I Lived Like A Disney Princess For A Day & Learned Woodland Creatures Are Really Not Into Me

What does it mean to live like a Disney princess? This is a question I've pondered today as I've attempted to actualize my truest Disney self (yes, I have also been watching a lot of Fargo. Peggy forever). Spending the day living like a Disney princess in the real world, obviously, is a limited prospect. I don't have a magic carpet. There's no real nemesis in my life. Elton John isn't writing me an awesome soundtrack for my life. My waist isn't smaller than my eyes. I do have a Prince Charming but our life is more watching Top Chef and farting on the couch than it is singing in the forest while blue birds dance around our heads. I am also, sadly, not a mermaid.

I can and have, however, adopted a general Disney Princess attitude in my life today, which involves a whole lot of whimsy, day dreaming (sorry to my editor for that, but such is the project), and general upbeat positivity. I've also taken some of the less fantastical Disney notions and tried to put them into practice throughout the day, suffice to say, most of it was a giant failure, because no, I cannot find a mouse that can or will converse with me.
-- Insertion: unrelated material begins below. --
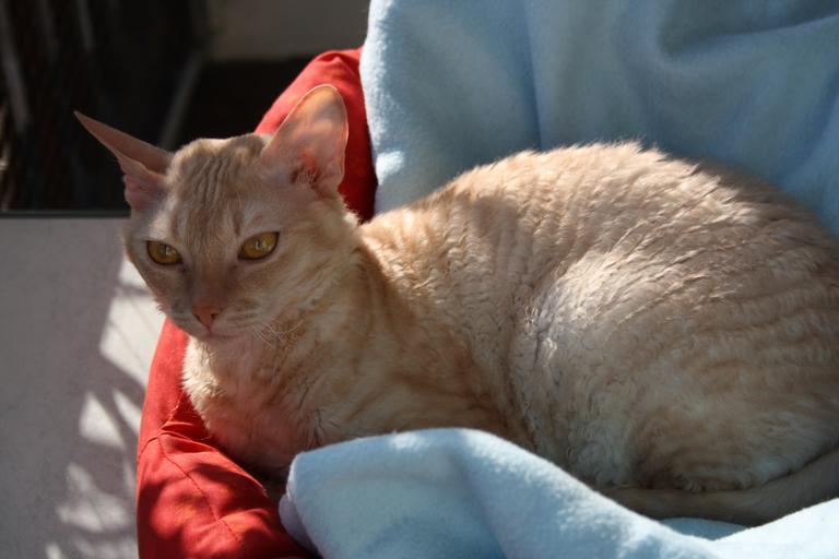 Keywords: cat feline domestic animal pet fur portrait adorable resting blanket

Here's how my day living as a Disney Princess went:

1. Waiting For The Birds

The first thing I did in the morning was wait by the window in my pajamas (yes my pajamas is an oversized Seahawks t-shirt worn Donald Duck style) for little birds to fly up and dress me, like Sleeping Beauty or Cinderella or Snow White (all friends of the birds). I waited for about five minutes, at no point actually thinking the birds would come.

Even if they did, I'd have been reluctant to let them in knowing how much disease city birds can carry. (Although I'd probably have a pretty neat viral video on my hands if birds were flying around my room picking out clothes and putting them on my body.) After resigning myself to a life of bird-free dressing, I gave up and dressed myself.
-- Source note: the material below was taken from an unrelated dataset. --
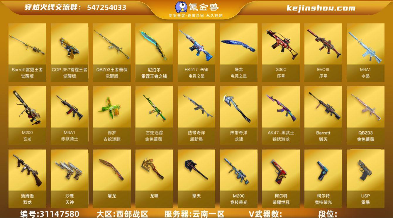 陕西一区-24V-2王者-1炫金 【角色】:灵狐者-职业经理,电竞教官-云悠悠,葵,蜀雪,铁骑荣耀,青霞仙子 【热门武器】:传说圣灵,M200-竞技荣光,荣耀世冠-火麒麟,荣耀世冠-雷神,荣耀世冠-龙啸,USP-雷暴,汤姆逊-烈龙,汤姆逊-烈龙 【王者炫金武器】:炫金修罗 【稀有皮肤】:屠龙-荣耀世冠AG,火麒麟-荣耀世冠AG,黑骑士-摸金校尉,毁灭-风暴,火麒麟-CFSTAR,AWM-天龙-传奇70KG,AWM-天龙-传奇白鲨,AWM-CFS 2020,AWM-CFS 2020,AWM-CFS 2020,M200-庆典-CFS 2021 【其他皮肤】:火麒麟-桃园结义,M4A1-仙界-黑骑士,AK47-齐天大圣,98K-冰雪霸主,98K-烛龙,98K-黑金,修罗-年鹏,M4A1-水枪,巴雷特-绚樱,Scar Light-像素 【人偶武器】:迷你艾比,迷你巨石泰坦-魔花研究所,迷你裂空之翼,迷你裂空之翼,迷你裂空之翼,迷你波特博士,夺魂,迷你生化手雷,迷你生化手雷,生化手雷-机甲核心,生化手雷-机甲核心,深渊终结者手雷 【音效卡】:毁灭音效卡 【挑战大师】:激光毁灭者III-白马银枪,AK47-冰龙粉碎者,冰龙粉碎者-白马银枪 【暴走生化】:超级对讲机 【英雄级武器】:M4A1-雷神,黑武士-锦绣游龙,闪光弹-竞技荣光,闪光弹-竞技荣光,烟雾弹-竞技荣光,烟雾弹-竞技荣光,高爆手雷-竞技荣光,高爆手雷-竞技荣光,汤姆逊-烈龙,汤姆逊-烈龙,AK47-火麒麟,AWM-天龙,Barrett-毁灭,屠龙,M200-竞技荣光,柯尔特-竞技荣光,擎天-竞技荣光,USP-雷暴 【特殊枪械】:0白虎,0黑骑士,2烈龙,0盘龙,0炼狱,0蝴蝶斯泰尔

2. Brushing My Hair With A Fork

If it works for Ariel... Apparently, under the sea fork-hair brushing physics don't apply to us landlubbers. The fork on my scalp was a lovely feeling, sort of like one of those orgasmic head massagers, but that's where it ended. The fork didn't so much brush my hair as it did separate it into stringy sections, and get caught a few times in a knot, which hurt.

This isn't a practice I'll be employing in my everyday life any time soon. Unless, of course, I trade in my beautiful singing voice for a mermaid's tail...

3. Singing Everything

Speaking of my beautiful singing voice, I made up a lot of songs to the tune of Disney songs today to go along with doing mundane tasks. Below is my rendition of Aladdin's "A Whole New World." I also believe I have found my calling.

Kat George on YouTube

4. Reading While Walking

When I was growing up, my favorite Disney Princess was Belle, because she loved to read and I was a giant nerd who constantly had her nose in a book. I identified with Belle. So, I decided to give reading-while-walking a try à la Belle in the first scene of Beauty and the Beast. For starters, there weren't kindly towns-folk greeting me from their store-fronts, which was really perturbing. And, the sidewalks in Queens are uneven, and difficult not to trip on even when you're paying attention. So, I couldn't concentrate on my book, which is a brilliant book, and wound up tripping more than once, even managing to catch on camera the moment I stubbed my toe on a piece of broken concrete.

5. Fashioning A Dress From A Blanket

I might not have been able to make animals dress me, but I sure as hell can make a dress out of something that's not a dress, like Ariel in The Little Mermaid. I took the throw blanket off my couch, wrapped it around my body, and used my jeans with the legs tied together as a belt. I guess I look cute as sh*t but the thing was about to fall off me, so it's not a fashion I'd be wearing out to dinner with my boyfriend's parents or anywhere I might want to remain fully clothed at all times.

6. Could I Be A Disney Princess?

If you took out the whole knight-in-shining-armor thing, and just focused on the musical aspects of Disney Princess-hood, I think I'd made a damn good one. I might not be able to befriend tiny woodland creatures, but I sure as hell can sing my way through any situation, no matter how boring.